Same is the case with the point ii: I agree with some reservations - an appropriate statistical tests should be thought of to test the biological phenomenon; However, the biology gets priority over the statistical results
I also wish to make the point that it is neither the defect of statistics nor of biology; but of our understanding of both. We need to devise and develop appropriate statistics for certain situations. Similarly we need to develop further understanding about the biological aspects; may be the contradictory statistical results hid some important biological concepts, that need to be revealed after further explorations?
Both differences are important. it is based on the researchers interpretation and the presence of no statistical significance help him to ask questions and think.
If you could see a clear biological difference in a well planned experiment, we do not need to statistics to prove your hypothesis. When the differences are marginal and perhaps inconclusive (visually), we have to use some statistical tests to confirm whether the differences are acceptable at a given probability level.

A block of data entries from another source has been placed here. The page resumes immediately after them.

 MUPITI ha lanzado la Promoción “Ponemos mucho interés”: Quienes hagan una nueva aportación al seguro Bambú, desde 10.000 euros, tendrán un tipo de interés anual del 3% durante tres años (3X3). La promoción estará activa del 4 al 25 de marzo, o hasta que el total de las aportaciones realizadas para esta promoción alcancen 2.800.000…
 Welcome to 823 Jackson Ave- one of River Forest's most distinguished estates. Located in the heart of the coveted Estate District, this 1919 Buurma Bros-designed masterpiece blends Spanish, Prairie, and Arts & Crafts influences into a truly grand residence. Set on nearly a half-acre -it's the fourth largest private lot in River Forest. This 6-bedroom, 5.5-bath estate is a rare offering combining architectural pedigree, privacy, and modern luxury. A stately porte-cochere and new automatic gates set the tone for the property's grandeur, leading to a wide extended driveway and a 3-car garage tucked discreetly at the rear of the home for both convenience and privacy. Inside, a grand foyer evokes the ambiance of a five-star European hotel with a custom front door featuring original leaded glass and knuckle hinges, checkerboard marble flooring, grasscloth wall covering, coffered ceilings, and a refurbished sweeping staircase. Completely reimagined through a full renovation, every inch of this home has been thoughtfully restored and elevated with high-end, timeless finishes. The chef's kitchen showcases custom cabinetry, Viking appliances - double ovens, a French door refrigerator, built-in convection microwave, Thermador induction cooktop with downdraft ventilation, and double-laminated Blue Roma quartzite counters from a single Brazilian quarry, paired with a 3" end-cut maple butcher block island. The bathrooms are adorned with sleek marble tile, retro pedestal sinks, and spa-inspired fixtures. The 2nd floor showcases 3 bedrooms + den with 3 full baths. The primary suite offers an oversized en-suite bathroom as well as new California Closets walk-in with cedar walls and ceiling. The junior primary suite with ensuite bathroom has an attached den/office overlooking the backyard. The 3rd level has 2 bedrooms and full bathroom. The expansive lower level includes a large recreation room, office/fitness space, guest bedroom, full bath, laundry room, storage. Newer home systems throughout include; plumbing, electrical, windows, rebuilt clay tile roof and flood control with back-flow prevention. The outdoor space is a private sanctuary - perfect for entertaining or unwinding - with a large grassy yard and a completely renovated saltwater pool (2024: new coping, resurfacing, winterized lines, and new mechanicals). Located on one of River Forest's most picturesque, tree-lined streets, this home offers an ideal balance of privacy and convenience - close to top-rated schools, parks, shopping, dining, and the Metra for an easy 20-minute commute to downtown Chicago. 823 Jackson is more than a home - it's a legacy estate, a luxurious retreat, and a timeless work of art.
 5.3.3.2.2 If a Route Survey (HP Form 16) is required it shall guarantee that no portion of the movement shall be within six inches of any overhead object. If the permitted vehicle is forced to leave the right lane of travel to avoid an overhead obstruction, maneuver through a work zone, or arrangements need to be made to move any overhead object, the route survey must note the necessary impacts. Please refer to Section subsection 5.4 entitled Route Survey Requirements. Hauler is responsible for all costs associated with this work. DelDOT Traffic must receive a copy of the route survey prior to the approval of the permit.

General acceptance level is 95% probability. In most of our biological experiments we are testing biological variances with the aids of ststistics. The statistical inference is important to accept or reject our set hypothesis. We are testing biological variations with mathamatically structured statistical designs and well planed experiments. For researchers, both differences are important to make conclusions. At the end, if you are not using the correct model to test the variances, it could easily mislead you and others. In this case biologists and statisticians should work together and understand fully about the concept & hypothesis that you are testing before conducting your experiments.

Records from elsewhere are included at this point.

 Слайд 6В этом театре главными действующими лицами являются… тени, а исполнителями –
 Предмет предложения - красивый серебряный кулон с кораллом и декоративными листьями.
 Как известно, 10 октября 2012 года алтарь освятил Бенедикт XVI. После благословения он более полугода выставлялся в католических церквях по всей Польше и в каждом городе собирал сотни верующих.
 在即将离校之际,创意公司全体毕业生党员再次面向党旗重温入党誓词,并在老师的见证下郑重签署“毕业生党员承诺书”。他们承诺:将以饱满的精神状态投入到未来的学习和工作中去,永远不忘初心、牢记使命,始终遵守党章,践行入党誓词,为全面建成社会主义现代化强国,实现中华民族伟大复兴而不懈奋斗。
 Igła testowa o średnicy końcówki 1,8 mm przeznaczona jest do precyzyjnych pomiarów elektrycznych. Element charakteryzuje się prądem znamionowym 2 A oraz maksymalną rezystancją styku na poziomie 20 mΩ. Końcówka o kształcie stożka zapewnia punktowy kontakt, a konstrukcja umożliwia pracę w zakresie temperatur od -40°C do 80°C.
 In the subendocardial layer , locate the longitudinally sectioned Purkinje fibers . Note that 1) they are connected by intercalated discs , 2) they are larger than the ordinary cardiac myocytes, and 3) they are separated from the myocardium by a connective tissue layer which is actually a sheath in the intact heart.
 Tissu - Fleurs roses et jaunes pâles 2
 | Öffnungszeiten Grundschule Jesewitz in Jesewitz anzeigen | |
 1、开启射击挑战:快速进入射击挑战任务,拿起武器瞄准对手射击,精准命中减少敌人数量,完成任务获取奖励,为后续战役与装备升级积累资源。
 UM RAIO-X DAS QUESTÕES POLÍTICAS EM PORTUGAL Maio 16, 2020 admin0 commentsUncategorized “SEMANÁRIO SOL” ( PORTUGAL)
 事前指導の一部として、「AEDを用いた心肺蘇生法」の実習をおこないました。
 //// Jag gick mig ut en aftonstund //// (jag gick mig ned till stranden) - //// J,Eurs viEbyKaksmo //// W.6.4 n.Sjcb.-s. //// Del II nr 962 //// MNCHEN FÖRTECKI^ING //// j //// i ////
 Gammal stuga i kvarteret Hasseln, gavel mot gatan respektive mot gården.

Biological differences are all that matter. Statistical differences, whether p0.05, are an attempt to quantify reality. Biological differences may be real, but not statistically significant. Statistical differences may be significant, but not real. Statistical differences may look good in figures and tables, but unless they support observable differences, they are not real. Statistics may be used to mine databases and find correlations that the human eye cannot see, but unless they make logical sense (biological differences), it is only a number crunching exercise. One of the most common errors in statistics is sampling error. If one chooses the sample incorrectly, statistical significance is irrelevant.
I am reminded of a joke which makes this point: There are statistics, damned statistics, and then there are lies.
More practical to say biological difference or statistical difference depends on the good study design with adequate sample size. It is equally important to decide temporal association when considering the statistical differences. In a well conducted study also gives rise to question to accept or reject the null hypothesis, ultimately looking into the practicality it may be advisable to accept the significance if there is marginal variations in some situations.